**REQUIRED ACTION**
This task asks for the lines from the one with "Saca a relucir" to the final line below, repeated exactly, with pictures omitted.

**DATA EXCERPT**

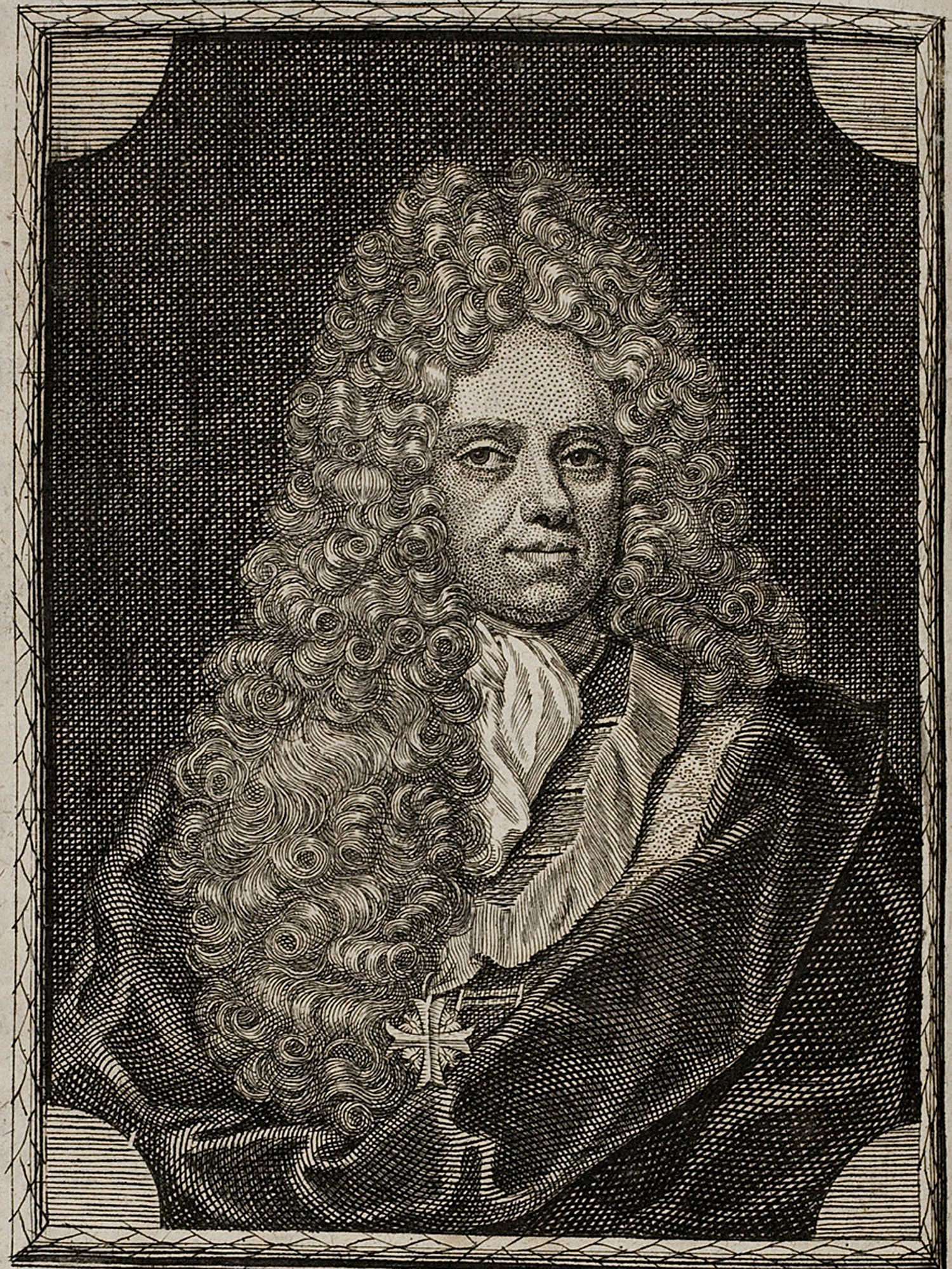 Porträt von Besser, Johann von  (Neue Bibliothec oder Nachricht und Urtheile von neuen Büchern., 1711, 15. St., ungez. Bl. vor S. 367. [Zuschnitt auf Schmuckrahmen])
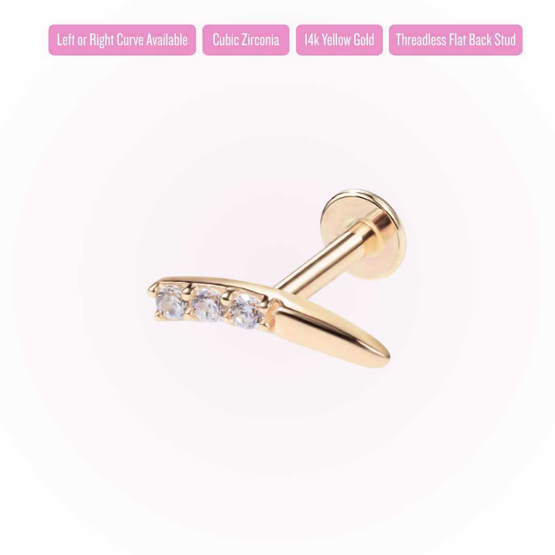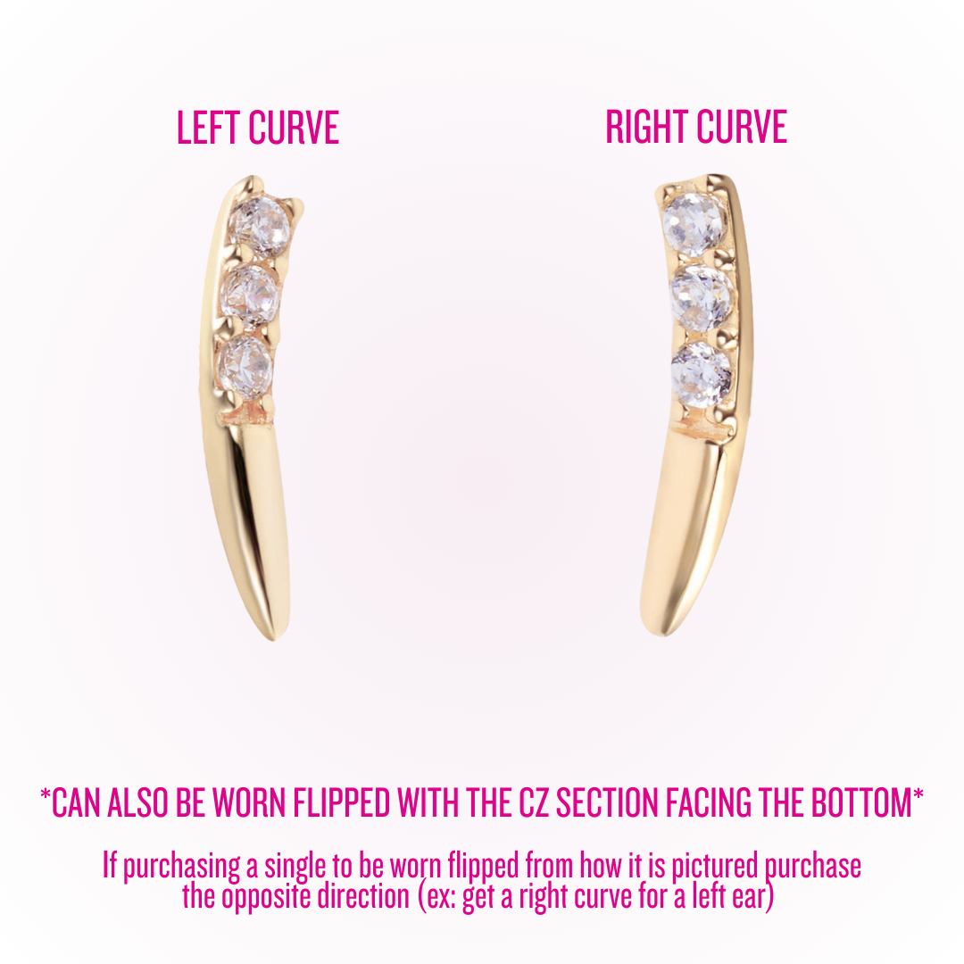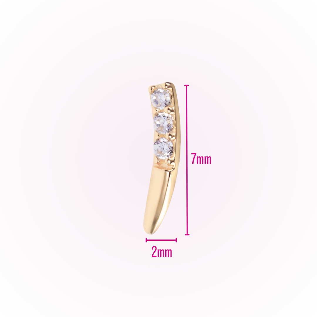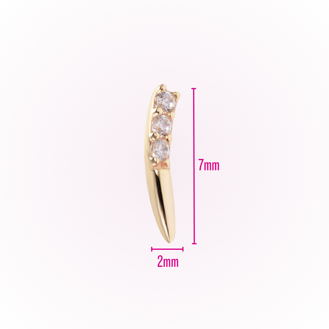 Saca a relucir tu lado más atrevido con "Wild", un llamativo pendiente de oro de 14k con forma de cuerno y barra curva, adornado con tres brillantes circonitas cúbicas. Disponible para la oreja izquierda o derecha, esta pieza única le da un toque moderno y elegante a tu piercing.
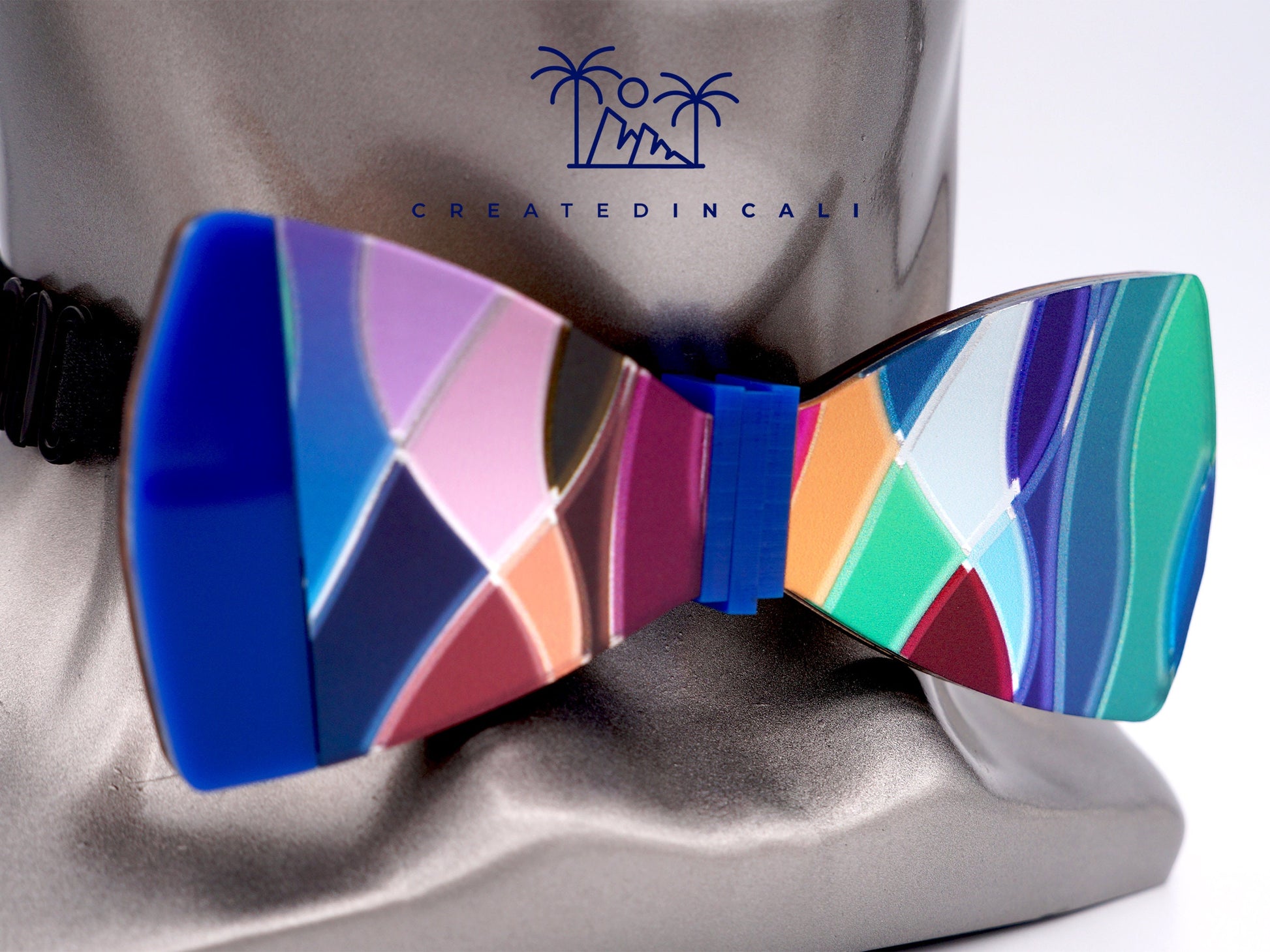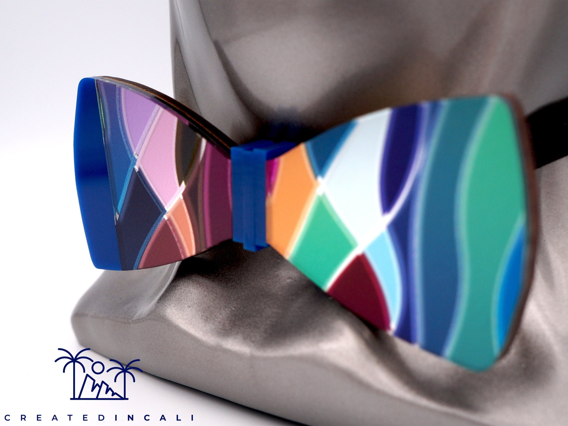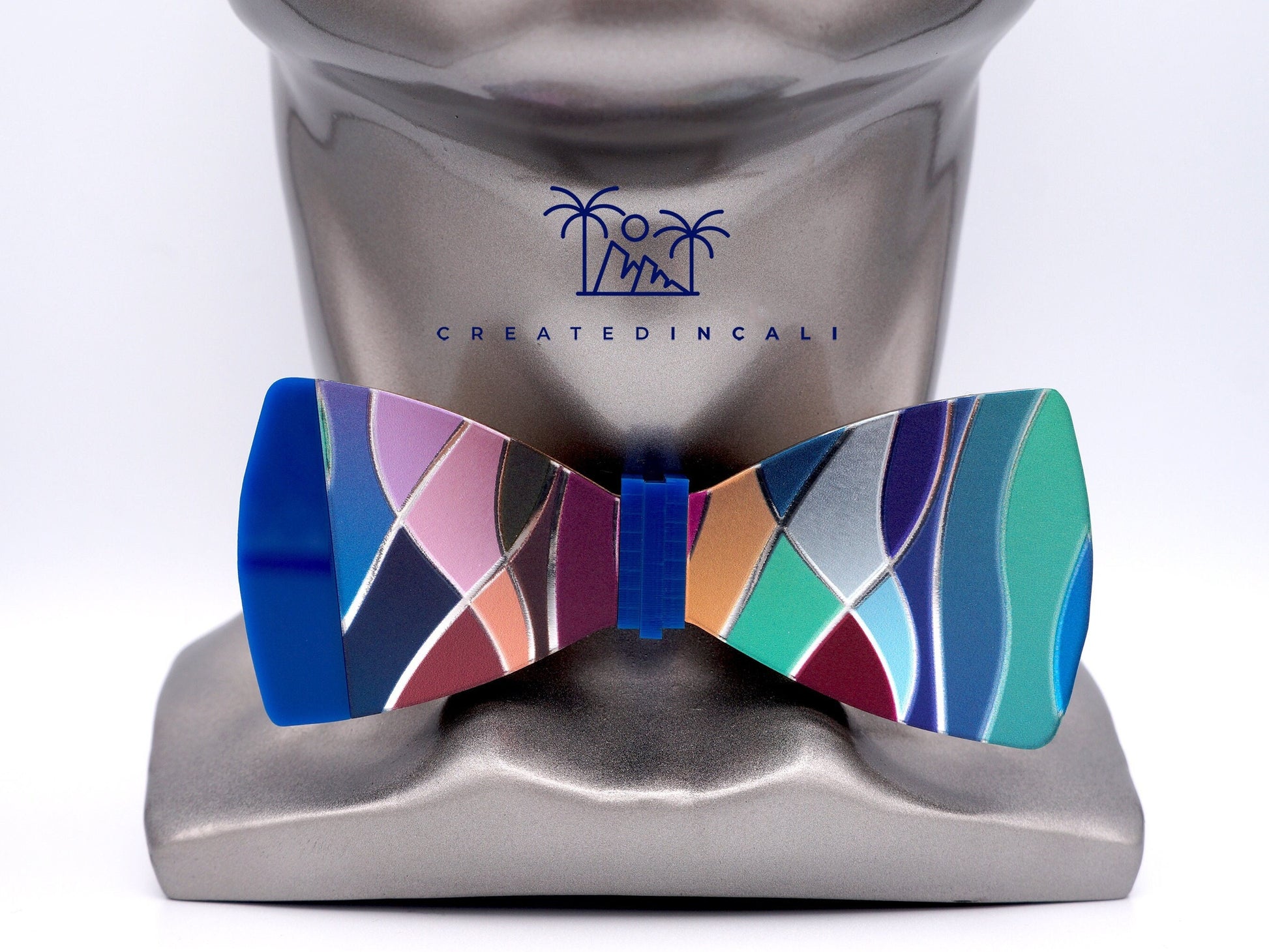 This bowtie features a captivating acrylic design that resembles a colorful stained glass window, creating a vibrant and unique look for each one.

**ANSWER TO THIS PROBLEM**
 Saca a relucir tu lado más atrevido con "Wild", un llamativo pendiente de oro de 14k con forma de cuerno y barra curva, adornado con tres brillantes circonitas cúbicas. Disponible para la oreja izquierda o derecha, esta pieza única le da un toque moderno y elegante a tu piercing.
 This bowtie features a captivating acrylic design that resembles a colorful stained glass window, creating a vibrant and unique look for each one.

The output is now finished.